Muhl E, Gatermann S, Iven H, Dendorfer A, Bruch H P
Department of Surgery, University of Luebeck, Germany.
Ann Vasc Surg. 1996 May;10(3):244-53. doi: 10.1007/BF02001890.
Methicillin-resistant strains of Staphylococcus epidermidis cause an increasing number of prosthetic infections. This prompted us to test the uptake of vancomycin in various graft materials in vitro, its influence on graft healing, and its efficacy against graft infection in pigs. Incubation of six different Dacron graft materials in a vancomycin solution (20 gm/L) was performed. Grafts were then placed in plasma, and samples were taken over 72 hours to determine vancomycin levels. Release of vancomycin ranged from 775 micrograms/cm2 to 3691 micrograms/cm2 after 1 hour of incubation. Gelatin-covered grafts increased release of vancomycin fourfold when incubation time was extended to 24 hours: uncovered grafts or the collagen-covered graft did not. Graft healing was not complicated when a vancomycin-bonded, gelatin-impregnated Dacron graft was implanted to replace the common femoral artery in pigs. Four weeks after implantation, histologic examination revealed normal development of neointima and perigraft scar tissue in the vancomycin-treated (n = 4) and untreated (n = 5) grafts. To test the efficacy of local vancomycin against graft infection, grafts were implanted in the groin of pigs and contaminated with 2 x 10(7) colony-forming units of Staphylococcus aureus. Four weeks after implantation, all grafts were infected in the untreated group (n = 6), with abscess, nonincorporated graft, and detection of S. aureus from the graft. In the treatment group (n = 6) vancomycin was added to the contaminated grafts. As a carrier for the vancomycin, we used a resorbable gelatin-glycerol foam. All grafts healed without infection. The difference between the treated and untreated groups is statistically significant (p < 0.05). We conclude that it may be effective to prevent graft infection with local application of vancomycin if an in situ replacement of infected graft (infected by gram-positive bacteria) is necessary or if there is a high risk of infection by methicillin-resistant- staphylococci.

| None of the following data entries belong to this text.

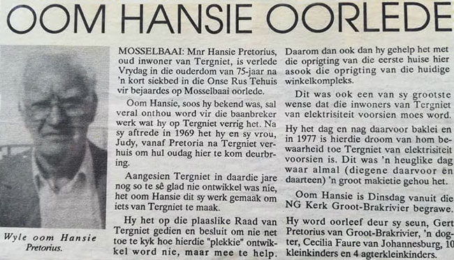 There are two tidal pools built on Reebok Strand, named after the two dorpies of Reebok and Tergniet.  Located between the Klein Brak Rivier and the Groot Brak Rivier, Tergniet (together with the adjacent village of Reebok) likely developed from the ‘Old Klein Brak’ village, the settlement in the middle of the Klein Brak River floodplain, which would have been a historic crossing point.
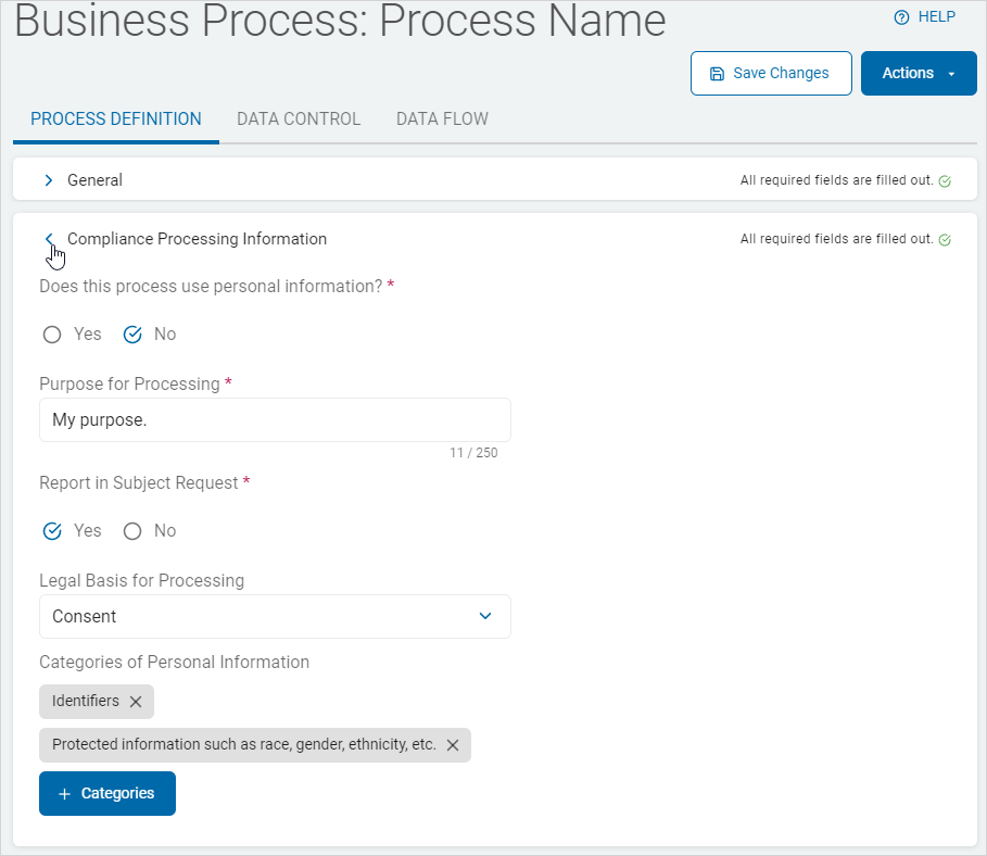 2. Purpose for Processing: Process purpose. (maximum 250 characters)
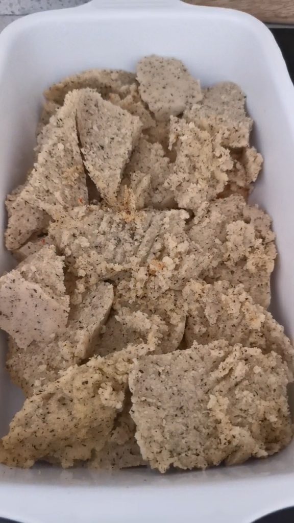 Conseil: cette polenta en couches avec ragoût ou fromage, mettez-la dans un récipient unique sans l’écraser.
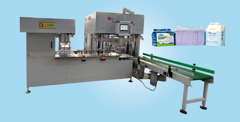 P28包裝機是主要用于衛生巾、嬰兒紙尿褲(小包)、嬰兒護理墊、棉柔巾等裝袋封口的全自動包裝機。
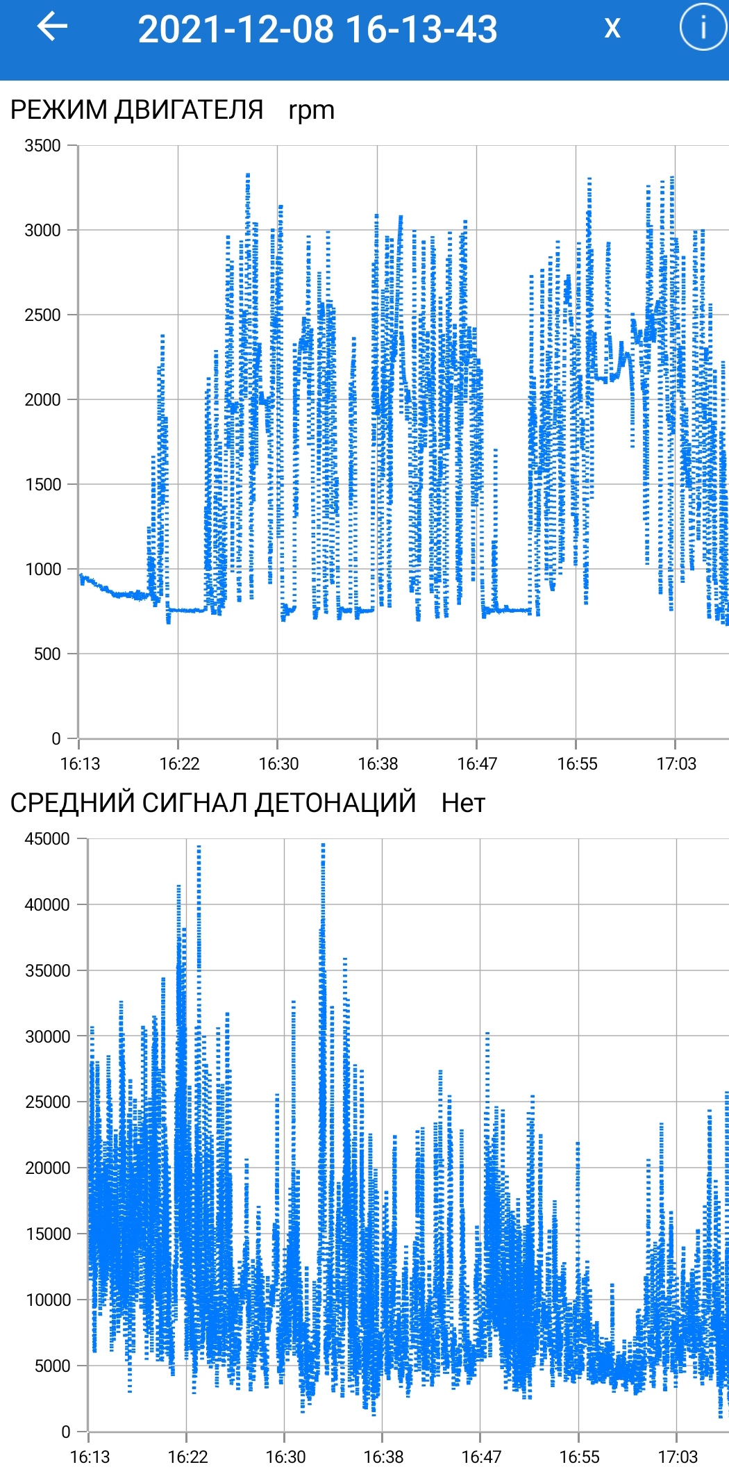 На графике наибольшие значения по датчику детонации при оборотах ниже 1000 об/мин.
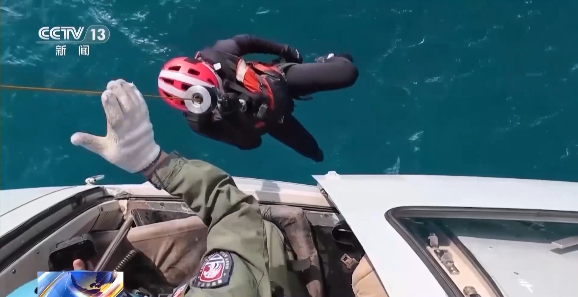 *南部戰區海軍航空兵某部 陸健:*在作業過程中,我需要集中全部的注意力,邊觀察落水目標位置和波峯波谷的情況,邊引導駕駛員及時修正飛機位置,同時還要抓住有利時機,操縱絞車下放搜救員,讓搜救員能夠更快地接近目標。
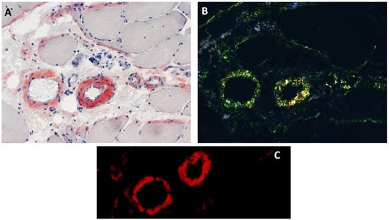 Congophilic deposits within intramuscular blood vessels and/or connective tissue elements (endomysium or perimysium) were reported in 53% (8/15) of patients with ANO5 muscle disease (Figure 3), who had no evidence of systemic amyloidosis [6]. Although there is no genotype–phenotype correlation regarding the interstitial amyloid deposition in anoctaminopathy-5, intramuscular interstitial amyloidosis has been reported in the patients homozygous for the c.191dupA mutation [6]. Therefore, the frequency of intramuscular interstitial amyloidosis could be higher in an anoctaminopathy-5 cohort with a high percentage of c.191dupA homozygosity. This interstitial amyloidosis observed in ANO5 muscular dystrophies is similar to what is observed in some patients with dysferlinopathy [3,4,6,20,22,25,49]. Isolated amyloid myopathies (IAMs) refer to a group of genetically heterogenous myopathies featuring amyloid deposits restricted to skeletal muscles, without any evidence of systemic amyloid deposition. ANO5 muscular dystrophies are the most common cause of IAMs, accounting for 57% (8/14) of patients, followed by dysferlinopathy (2/14 or 14%) [56,62]. The mass-spectrometry-based proteomic analysis of intramuscular congophilic deposits obtained from ANO5 muscular dystrophy patients confirmed the presence of amyloid chaperone proteins (e.g., serum amyloid P and/or apolipoprotein E) but failed to identify ANO5 within the deposits [4]. The clinical significance of localized amyloidosis affecting skeletal muscle in anoctaminopathy-5 patients remains unknown. In a cohort of 15 patients with ANO5 muscular dystrophies, there was no significant difference of either muscle or cardiac phenotypes between patients with, and without, interstitial amyloidosis [6].
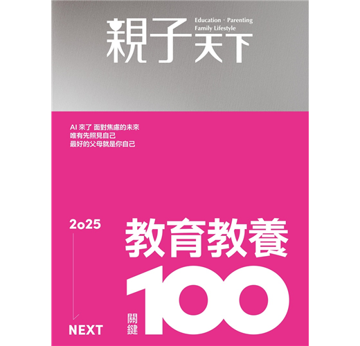 因為感受到這些挑戰,媒體中心團隊在這最後一期的雜誌中策劃了《二〇二五教育教養關鍵一〇〇》。這是一次全方位的趨勢梳理,從「新父母」「新世代」「新教育」「新挑戰」四大脈絡出發,記者和編輯團隊地毯式蒐集,精選出一百個未來的教育教養關鍵詞。我們希望這些精簡的介紹,能成為你們在成為父母這段旅程中的地圖,幫助你客觀看待趨勢帶來的轉變,並找到行動方向。
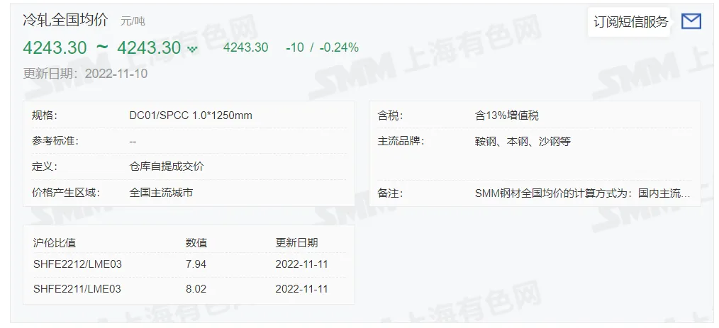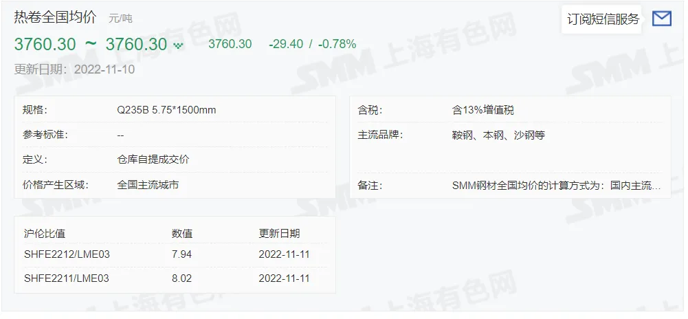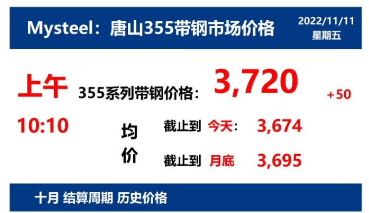 2022年11月11日,上午10:10, 唐山355系列带钢市场价格 3720元/吨,较昨涨50元/吨;本月结算周期,截止到今天均价:3674元/吨,截止到月底:3695元/吨。

耐甲氧西林表皮葡萄球菌菌株导致越来越多的人工假体感染。这促使我们在体外测试各种移植材料对万古霉素的摄取情况、其对移植愈合的影响以及其对猪移植感染的疗效。将六种不同的涤纶移植材料置于万古霉素溶液(20 g/L)中进行孵育。然后将移植材料置于血浆中,并在72小时内取样以测定万古霉素水平。孵育1小时后,万古霉素的释放量在775微克/平方厘米至3691微克/平方厘米之间。当孵育时间延长至24小时时,明胶包被的移植材料使万古霉素的释放量增加了四倍:未包被的移植材料或胶原包被的移植材料则没有。当将结合万古霉素、浸渍明胶的涤纶移植材料植入猪体内以替代股总动脉时,移植愈合未出现并发症。植入四周后,组织学检查显示,经万古霉素处理的移植材料(n = 4)和未处理的移植材料(n = 5)中新内膜和移植周围瘢痕组织发育正常。为了测试局部应用万古霉素对移植感染的疗效,将移植材料植入猪的腹股沟并接种2×10⁷个金黄色葡萄球菌菌落形成单位。植入四周后,未处理组(n = 6)的所有移植材料均被感染,出现脓肿、移植材料未融合以及从移植材料中检测到金黄色葡萄球菌。在治疗组(n = 6)中,将万古霉素添加到受污染的移植材料中。作为万古霉素的载体,我们使用了可吸收的明胶 - 甘油泡沫。所有移植材料均愈合且未发生感染。治疗组和未治疗组之间的差异具有统计学意义(p < 0.05)。我们得出结论,如果需要原位替换感染的移植材料(被革兰氏阳性菌感染)或存在耐甲氧西林葡萄球菌感染的高风险,局部应用万古霉素预防移植感染可能是有效的。